I can't speak for UPC, but as far as IPC it is allowed. I have done jobs where the submittals specified the use of offset T.P.'s on ADA lavs. If you stop and think about it, it is no different than the end result of installing a center outlet waste, or a continuous waste. Only differences being that one serves two compartments and is field assembled ,while the other serves a single compartment and is factory made. IMO it is not an "S" trap.Cant find anything in the code that prohibits it.


----------



## justme (Jul 4, 2012)

As long as the offset is made off the top of the ptrap it is not a S-trap. If you offset behind the ptrap with a 90 going down then it becomes a S-trap.


----------



## crown36 (May 21, 2013)

rhinoplumbing said:


> what is the consensuses on using an offset tail piece on a lavatory ? It creates a S trap does it not?


 Why are you using an offset tailpiece? Do you have any pics? I have used one of those about as often as I use a 60 degree fitting, which is virtually never.


----------



## Letterrip (Jul 28, 2013)

Triplecrown24 said:


> Why are you using an offset tailpiece? Do you have any pics? I have used one of those about as often as I use a 60 degree fitting, which is virtually never.
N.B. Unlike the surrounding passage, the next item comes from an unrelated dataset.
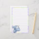 ¡Efectos de escritorio adorables del perro del kawaii! Un perrito azul del dibujo animado está masticando feliz en un hueso y está meneando su cola. El dibujo lindo del amante del mascota tiene una frontera del lunar con un arco iris de colores. ¡Los productos coloridos son perfectos para que los adultos o los niños escriban encendido! Gobernado en lila.

We have used them quite a bit in ADA bathrooms. We get offset grid drains which immediately turn 90 degrees to the back wall. It gets the piping further back so that a person in a wheelchair doesn't have their knees pushing against the drain pipe. There are plastic drain pipe cover kits available that have a piece for the offset grid drain. If you use them, you have to rough the drain off center of the lav. If you rough for center, the trap doesn't line up well and the connection is well off the wall. Defeats the purpose. Don't have any pics.


----------



## Nlindbert (Sep 10, 2010)

I've never seen a offset tail piece by itself just offset wastes for lavatory is that different or am I mistaken?


----------



## justme (Jul 4, 2012)

Triplecrown24 said:


> Why are you using an offset tailpiece? Do you have any pics? I have used one of those about as often as I use a 60 degree fitting, which is virtually never.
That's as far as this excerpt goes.